Three Recent Studies
While our manuscript has been under review, three similar but smaller studies were published: Neale et al., 2012
(N), O’Roak et al., 2012
(O), and Sanders et al., 2012
(S). Each reported exome sequence of about 200 family trios (N) or a mixture of trios and quads (O and S). (O) and (S) report of families from the SSC collection. None of the SSC samples overlapped with ours, but unlike our random selection from the SSC, (O) was enriched for females and severely affected children, and (S) was enriched for families with > 1 normal sibling.
We summarize the findings in these papers that overlap ours: more de novo point mutation in children with older parents (all three), higher incidence in female than male probands (N), paternal origin of most de novo mutations (O), an elevated ratio (≥2:1) of de novo gene disruptions in probands versus siblings (S), no segregation distortion of rare polymorphisms from parents (S), and a de novo point mutation rate of about 2.0 × 10−8 per base pair per generation (O and N). The single point of slight disagreement concerns differential signal from de novo missense mutation, which is marginal in (S) and not evident in our data.

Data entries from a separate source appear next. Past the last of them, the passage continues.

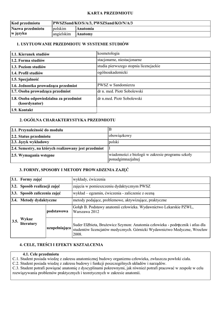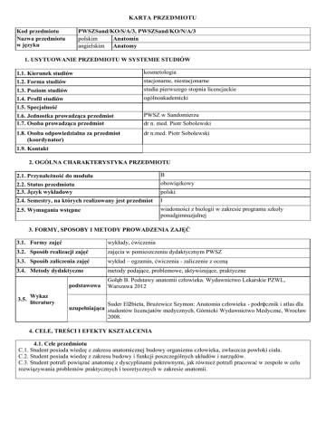 KARTA PRZEDMIOTU Kod przedmiotu Nazwa przedmiotu w języku PWSZSand/KO/S/A/3, PWSZSand/KO/N/A/3 polskim Anatomia angielskim Anatomy 1. USYTUOWANIE PRZEDMIOTU W SYSTEMIE STUDIÓW 1.1. Kierunek studiów kosmetologia 1.2. Forma studiów stacjonarne, niestacjonarne 1.3. Poziom studiów studia pierwszego stopnia licencjackie 1.4. Profil studiów ogólnoakademicki 1.5. Specjalność 1.6. Jednostka prowadząca przedmiot 1.7. Osoba prowadząca przedmiot PWSZ w Sandomierzu 1.8. Osoba odpowiedzialna za przedmiot (koordynator) dr n.med. Piotr Sobolewski dr n. med. Piotr Sobolewski 1.9. Kontakt 2. OGÓLNA CHARAKTERYSTYKA PRZEDMIOTU 2.1. Przynależność do modułu B 2.2. Status przedmiotu 2.3. Język wykładowy obowiązkowy 2.4. Semestry, na których realizowany jest przedmiot I 2.5. Wymagania wstępne wiadomości z biologii w zakresie programu szkoły ponadgimnazjalnej polski 3. FORMY, SPOSOBY I METODY PROWADZENIA ZAJĘĆ 3.1. Formy zajęć wykłady, ćwiczenia 3.2. Sposób realizacji zajęć zajęcia w pomieszczeniu dydaktycznym PWSZ 3.3. Sposób zaliczenia zajęć wykład – egzamin, ćwiczenia - zaliczenie z oceną 3.4. Metody dydaktyczne metody podające, problemowe, aktywizujące, praktyczne podstawowa 3.5. Wykaz literatury Gołąb B. Podstawy anatomii człowieka. Wydawnictwo Lekarskie PZWL, Warszawa 2012 Suder Elżbieta, Brużewicz Szymon: Anatomia człowieka - podręcznik i atlas dla uzupełniająca studentów licencjatów medycznych. Górnicki Wydawnictwo Medyczne, Wrocław 2008. 4. CELE, TREŚCI I EFEKTY KSZTAŁCENIA 4.1. Cele przedmiotu C.1. Student posiada wiedzę z zakresu anatomicznej budowy organizmu człowieka, zwłaszcza powłoki ciała. C.2. Student posiada wiedzę z zakresu budowy i funkcji poszczególnych układów i narządów. C.3. Student potrafi powiązać anatomię z dyscyplinami pokrewnymi, jak również potrafi pracować w zespole w celu rozwiązywania problemów praktycznych i teoretycznych w zakresie anatomii. 4.2. Treści programowe Wykłady – Wstęp do anatomii. Wprowadzenie podstawowych pojęć z zakresu anatomii. Budowa ciała ludzkiego oraz jego układy. Układ kostno-stawowy i mięśniowy. Układ oddechowy. Układ pokarmowy. Układ krążenia. Układ moczowo-płciowy. Układ nerwowy. Narządy zmysłów. Układ dokrewny. Skóra. Ćwiczenia – Budowa anatomiczna wybranych układów i narządów, w tym skóry i jej przydatków. 4.3. Efekty kształcenia Student, który zaliczył przedmiot Kod W01 w zakresie WIEDZY: Opisuje podstawowe układy i narządy. W02 U01 K01 Odniesienie do efektów kształcenia dla kierunku K_W05 dla obszaru M1_W02 Zna szczegółową budowę anatomiczną skóry i jej przydatków. K_W05 M1_W02 w zakresie UMIEJĘTNOŚCI: Rozpoznaje różne struktury anatomiczne organizmu człowieka. K_U13 M1_U2 M1_U10 K_K06 M1_K01 w zakresie KOMPETENCJI SPOŁECZNYCH: Potrafi pracować w zespole, przyjmując różne role w przygotowaniu i opracowaniu problemów w zakresie anatomii. 4.4. Metody weryfikacji efektów kształcenia Forma oceny Efekt Egzamin Egzamin Zadania do Projekt Kolokwium kształcenia ustny pisemny wykonania W01 W02 U01 K01 4.5. Efekt kształcenia W01-W02 U01 K01 Referat Sprawozdanie Dyskusje x x Inne x x x x Kryteria jakościowe uzyskania oceny w danym zakresie efektów kształcenia ocena dostateczny/dostateczny plus dobry/ dobry plus bardzo dobry (3/ 3,5) (4/ 4,5) (5) Opisuje wybrane układy Opisuje większość omawianych Opisuje wszystkie omawiane i narządy. układów i narządów. układy i narządy. Zna szczegółową budowę anatomiczną skóry i wybranych jej przydatków. Rozpoznaje wybrane struktury anatomiczne organizmu człowieka. Zna szczegółową budowę anatomiczną skóry i większości omawianych jej przydatków. Rozpoznaje większość omawianych struktur anatomicznych organizmu człowieka. Zna szczegółową budowę anatomiczną skóry i wszystkich jej przydatków. Rozpoznaje wszystkie omawiane struktury anatomiczne organizmu człowieka. Potrafi pracować w zespole, przyjmując różne role w przygotowaniu i opracowaniu problemów w zakresie anatomii i rozumie znaczenie pracy zespołowej. Potrafi pracować w zespole, przyjmując różne role w przygotowaniu i opracowaniu problemów w zakresie anatomii, rozumie znaczenie pracy zespołowej i zna skutki braku współpracy w rozwiązywaniu określonych zadań. Potrafi pracować w zespole, przyjmując różne role w przygotowaniu i opracowaniu problemów w zakresie anatomii, rozumie znaczenie pracy zespołowej, zna skutki braku współpracy w rozwiązywaniu określonych zadań, jak również ma świadomość konieczności kształtowania tej postawy. 5. BILANS PUNKTÓW ECTS - NAKŁAD PRACY STUDENTA Kategoria Udział w zajęciach dydaktycznych określonych w planie studiów Obciążenie studenta Studia Studia stacjonarne niestacjonarne 30+30 10+30 Samodzielne przygotowanie do zajęć 45 65 Wykonanie powierzonych zadań 10 10 Udział w konsultacjach 3+3 2+3 Przygotowanie do egzaminu/zdawanie egzaminu 10 10 Obciążenie związane z zajęciami praktycznymi 30 30 Obciążenie związane z zajęciami wymagającymi bezpośredniego udziału nauczycieli akademickich Sumaryczne obciążenie pracą studenta 66 45 131 130 5 5 PUNKTY ECTS za przedmiot
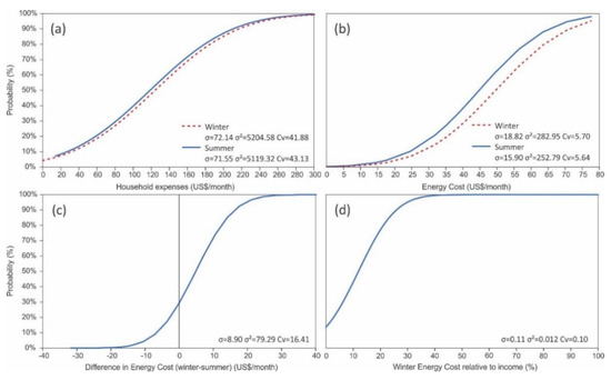 As for expenditure, bearing in mind rental or mortgage payments, administration fees, and consumption in electricity, gas, water, and Internet or telephone, it can be seen that both in winter and summer, there is a 50% probability that families spend over US$120 in summer and US$127 in winter (see Figure 7). Regarding consumption in electricity and gas, the consumption levels do not show great differences, with the probability of consuming more than US$38.8 in summer being 75%, and 80% in winter. It is important to highlight that, although consumption levels are not high, their relationship compared to the household income represents an important percentage, over 10% in 57.5% of the households in winter. Meanwhile, it is necessary to indicate that not all households increase their expenditure on electricity and gas in winter, 30% either maintain or reduce them, which indicates that perhaps other expenditures associated to other energies (i.e., firewood), which have not been collected due to their difficult quantification, are generated.
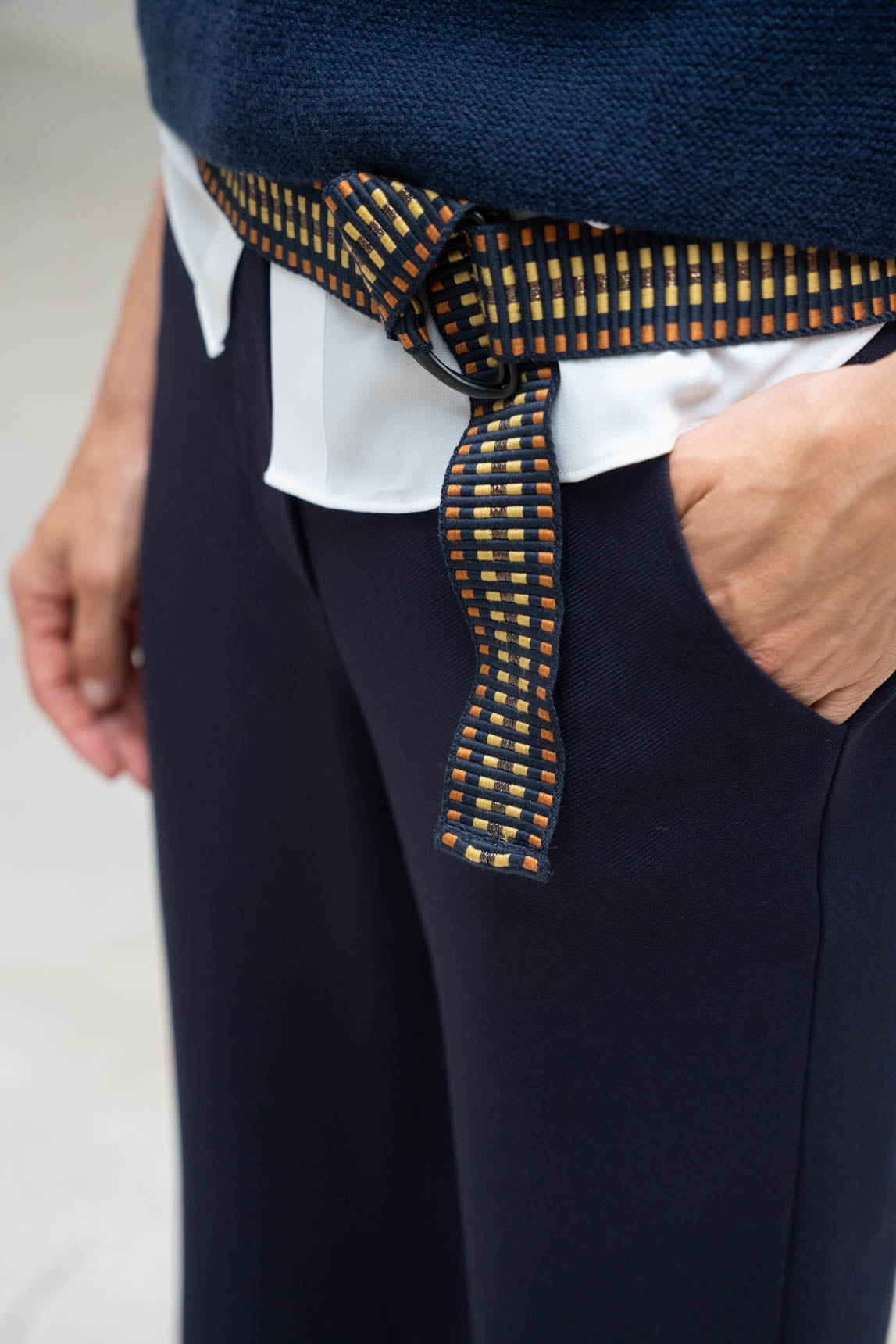 Add a touch of color to your looks with this striped belt. The contrast between its dark blue base and mustard, orange, and beige details creates a vibrant and modern look. Its metal ring closure makes it easy to adjust, adding personality to both casual and more polished outfits. A practical and stylish accessory to stand out every day.

All groups report de novo gene disruptions (nonsense, splice, and frame shifts) in probands, 18 in (N), 33 in (O), and 17 in (S), for a total of 68. With the 59 from this study, a total of 127 hits in probands have been found. Judging from our two-fold differential rate in probands and siblings, we expect that at least half of the 127 hits, about 65, are causal. Five genes were hit twice. DYRK1A and POGZ are the new recurrences found by combining our data with theirs. With our projected differential between probands and sibling controls, these five genes that are recurrent targets of de novo disruptions in probands are almost certainly autism targets.
From our estimate of 65 causal gene disruptions and 5 recurrent gene targets, we project that the total number of dosagesensitive targets for autism is about 370 genes. We made a similar estimate from de novo CNVs (Levy et al., 2011
; see Recurrence Analysis in Supplemental Experimental Procedures). With this target size, and an expected 50% increase in rate of discovery of de novo gene disruptions, similar studies of all 2800 SSC families should yield about 116 autism genes, thereby identifying unequivocally about a third of the dosage-sensitive gene targets.
The other groups did not report on the number of gene disruptions occurring within the FMRP-associated genes. However, 15 of their 68 do hit these genes, a rate similar to what we observed (14 of 59). Combining data, we now compute a p value of 2 × 10−4 that this is mere coincidence. We project that nearly half of autism target genes will be among the list of FMRP-associated genes.